EXERCISE OBJECTIVE:
Write the entries out again exactly as they stand, but without the pictures.

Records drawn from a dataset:
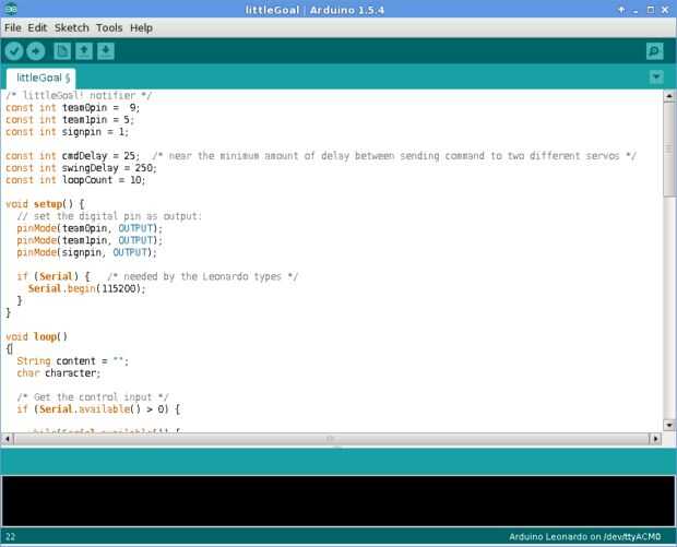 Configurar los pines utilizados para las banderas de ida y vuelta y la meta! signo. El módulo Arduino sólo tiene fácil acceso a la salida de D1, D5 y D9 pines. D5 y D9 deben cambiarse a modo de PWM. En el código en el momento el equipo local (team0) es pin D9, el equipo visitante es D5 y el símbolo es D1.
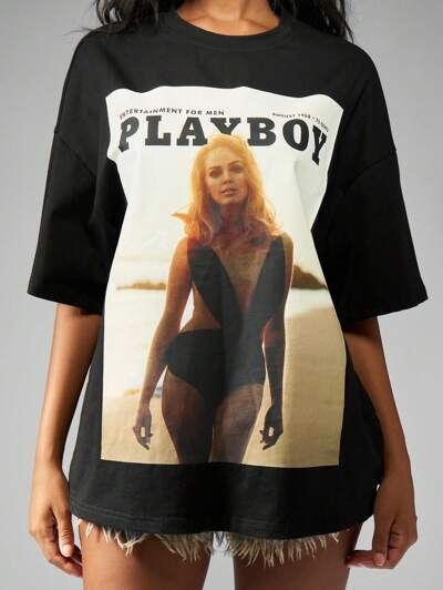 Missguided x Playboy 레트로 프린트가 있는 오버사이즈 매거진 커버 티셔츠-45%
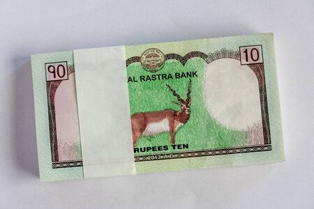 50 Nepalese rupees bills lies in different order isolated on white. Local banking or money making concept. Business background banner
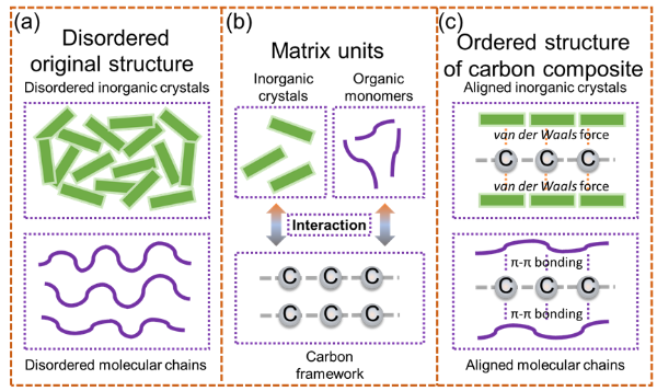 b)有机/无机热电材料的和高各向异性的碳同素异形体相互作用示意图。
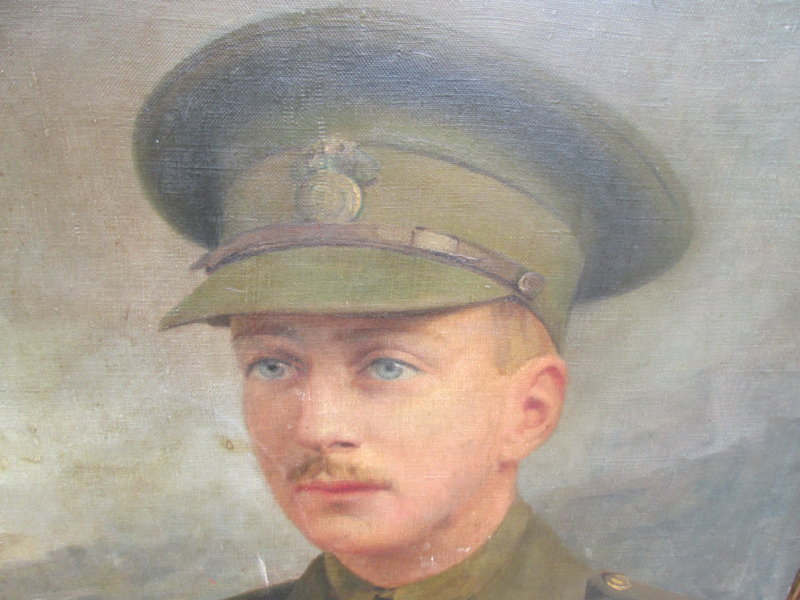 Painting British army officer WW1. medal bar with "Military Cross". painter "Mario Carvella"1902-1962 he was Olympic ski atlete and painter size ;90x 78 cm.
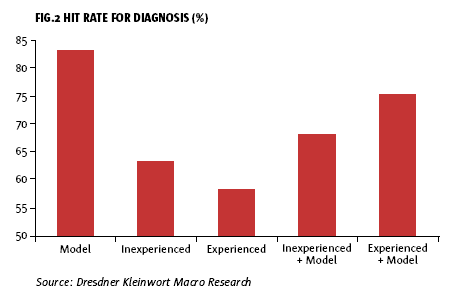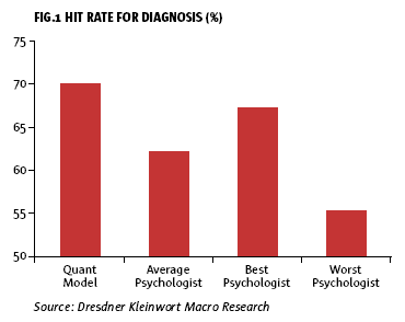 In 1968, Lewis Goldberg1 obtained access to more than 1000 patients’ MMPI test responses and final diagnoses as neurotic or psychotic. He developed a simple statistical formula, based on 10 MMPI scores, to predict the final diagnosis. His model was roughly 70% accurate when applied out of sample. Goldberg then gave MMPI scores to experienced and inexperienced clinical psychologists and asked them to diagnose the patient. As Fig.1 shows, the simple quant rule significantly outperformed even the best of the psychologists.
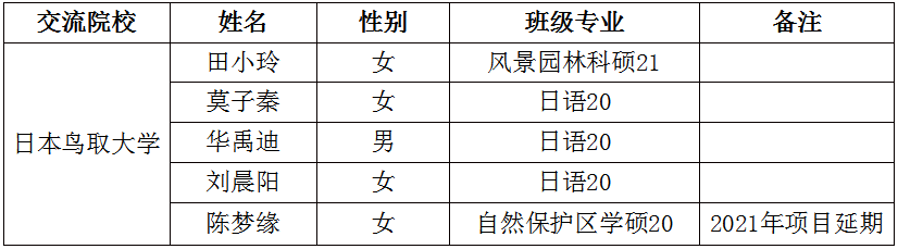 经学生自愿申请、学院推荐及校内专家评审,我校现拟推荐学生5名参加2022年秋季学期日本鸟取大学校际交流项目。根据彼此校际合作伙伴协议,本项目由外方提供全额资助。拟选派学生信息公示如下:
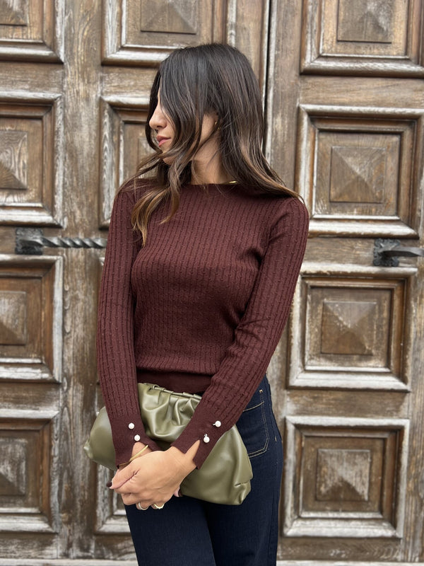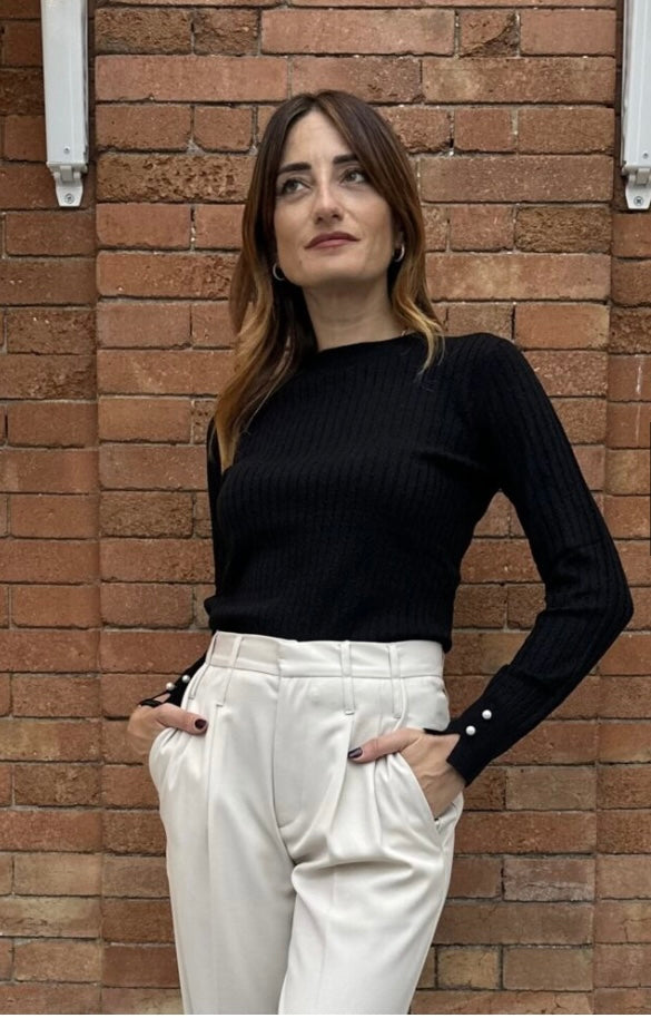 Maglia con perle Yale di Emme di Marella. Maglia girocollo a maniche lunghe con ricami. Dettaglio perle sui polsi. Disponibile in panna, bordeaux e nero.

RESULT:
 Configurar los pines utilizados para las banderas de ida y vuelta y la meta! signo. El módulo Arduino sólo tiene fácil acceso a la salida de D1, D5 y D9 pines. D5 y D9 deben cambiarse a modo de PWM. En el código en el momento el equipo local (team0) es pin D9, el equipo visitante es D5 y el símbolo es D1.
 Missguided x Playboy 레트로 프린트가 있는 오버사이즈 매거진 커버 티셔츠-45%
 50 Nepalese rupees bills lies in different order isolated on white. Local banking or money making concept. Business background banner
 b)有机/无机热电材料的和高各向异性的碳同素异形体相互作用示意图。
 Painting British army officer WW1. medal bar with "Military Cross". painter "Mario Carvella"1902-1962 he was Olympic ski atlete and painter size ;90x 78 cm.
 In 1968, Lewis Goldberg1 obtained access to more than 1000 patients’ MMPI test responses and final diagnoses as neurotic or psychotic. He developed a simple statistical formula, based on 10 MMPI scores, to predict the final diagnosis. His model was roughly 70% accurate when applied out of sample. Goldberg then gave MMPI scores to experienced and inexperienced clinical psychologists and asked them to diagnose the patient. As Fig.1 shows, the simple quant rule significantly outperformed even the best of the psychologists.
 经学生自愿申请、学院推荐及校内专家评审,我校现拟推荐学生5名参加2022年秋季学期日本鸟取大学校际交流项目。根据彼此校际合作伙伴协议,本项目由外方提供全额资助。拟选派学生信息公示如下:
 Maglia con perle Yale di Emme di Marella. Maglia girocollo a maniche lunghe con ricami. Dettaglio perle sui polsi. Disponibile in panna, bordeaux e nero.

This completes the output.